Build your Machine Learning portfolio by creating 6 cutting-edge Artificial Intelligence projects using neural networks in Python

Key Features

  • Discover neural network architectures (like CNN and LSTM) that are driving recent advancements in AI
  • Build expert neural networks in Python using popular libraries such as Keras
  • Includes projects such as object detection, face identification, sentiment analysis, and more

Book Description

Neural networks are at the core of recent AI advances, providing some of the best resolutions to many real-world problems, including image recognition, medical diagnosis, text analysis, and more. This book goes through some basic neural network and deep learning concepts, as well as some popular libraries in Python for implementing them.

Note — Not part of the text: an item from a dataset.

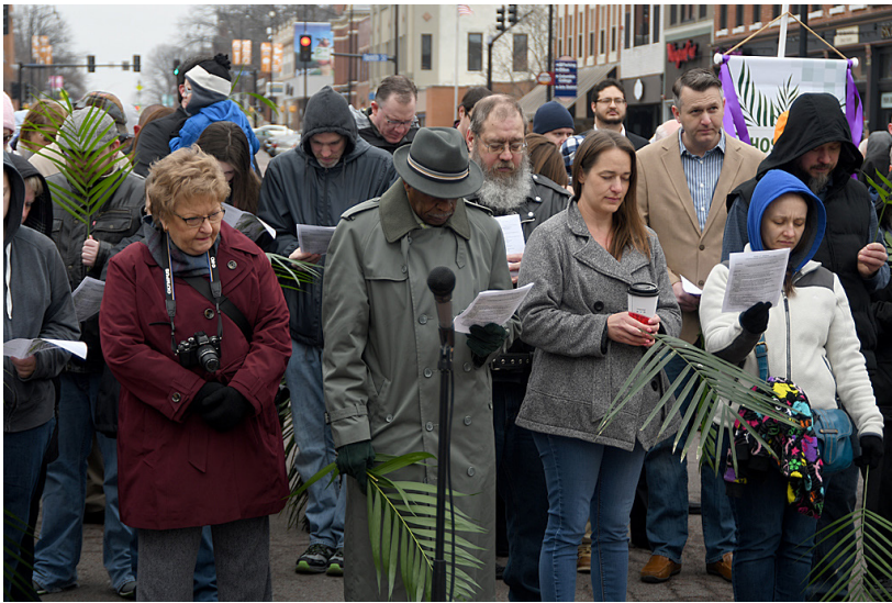
Above: First Baptist worshippers mingle with other downtown worshippers for a public celebration of Palm Sunday.

It contains practical demonstrations of neural networks in domains such as fare prediction, image classification, sentiment analysis, and more. In each case, the book provides a problem statement, the specific neural network architecture required to tackle that problem, the reasoning behind the algorithm used, and the associated Python code to implement the solution from scratch. In the process, you will gain hands-on experience with using popular Python libraries such as Keras to build and train your own neural networks from scratch.

By the end of this book, you will have mastered the different neural network architectures and created cutting-edge AI projects in Python that will immediately strengthen your machine learning portfolio.

What you will learn

  • Learn various neural network architectures and its advancements in AI
  • Master deep learning in Python by building and training neural network
  • Master neural networks for regression and classification
  • Discover convolutional neural networks for image recognition
  • Learn sentiment analysis on textual data using Long Short-Term Memory
  • Build and train a highly accurate facial recognition security system

Who this book is for

This book is a perfect match for data scientists, machine learning engineers, and deep learning enthusiasts who wish to create practical neural network projects in Python. Readers should already have some basic knowledge of machine learning and neural networks.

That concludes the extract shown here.